Given a list of $N$ real numbers $s_i$:
the median $x_0$ is
$$ \arg \min_{x_0} \sum_{i = 1}^{N} \left| {s}_{i} - x_0 \right| $$
the mean $x_2$ is
$$ \arg \min_{x_2} \sum_{i = 1}^{N} \left( {s}_{i} - x_2 \right)^2 $$
What about $x_4$?
$$ \arg \min_{x_4} \sum_{i = 1}^{N} \left( {s}_{i} - x_4 \right)^4 $$
does have it a name?
And what about the generic $x_{2n}$
$$ \arg \min_{x_{2n}} \sum_{i = 1}^{N} \left( {s}_{i} - x_{2n} \right)^{2n} $$
Are there any known application for $n>1$?

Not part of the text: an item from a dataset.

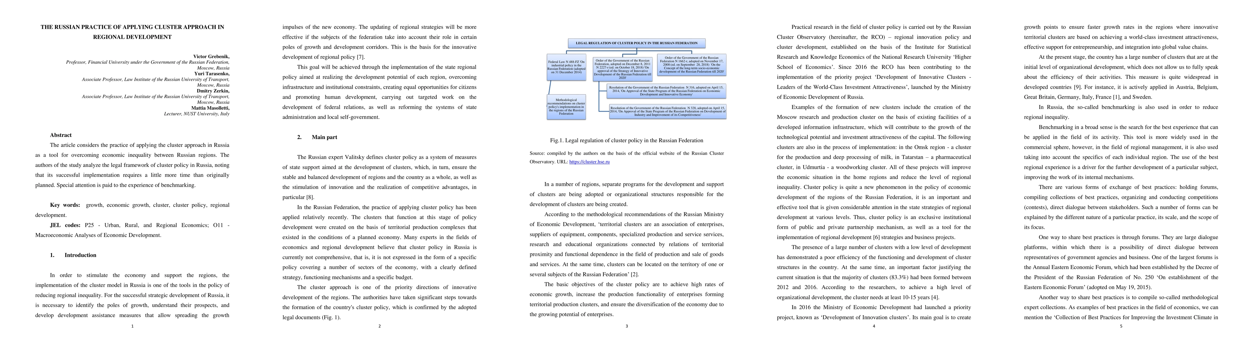 The article considers the practice of applying the cluster approach in Russia as a tool for overcoming economic inequality between Russian regions. The authors of the study analyze the legal framework of cluster policy in Russia, noting that its successful implementation requires a little more time than originally planned. Special attention is paid to the experience of benchmarking.

They are partial moments with respect to the minimizing reference point of an un-normalized uniformly distributed probability function. From wikipedia: $$\mu_n^-(r) + \mu_n^+(r)$$
$$r_o = \min_{r}\left\{\int_{-\infty}^\infty (r-x)^n f(x)dx\right\}$$
Where $f(x)$ is uniform discrete probability density $[0,N]$. (Since we are working with continuous case and integral instead of sum this is actually a sequence of Paul Dirac's delta distribution at integer values.)
Edit I first misread as $(x_k-i)^k$, that would have given the uniform discrete distribution mentioned above. Now what instead happens is we have sum of Dirac distributions like this: $$f(x) = \sum_{i=0}^N \delta(x-s_i)$$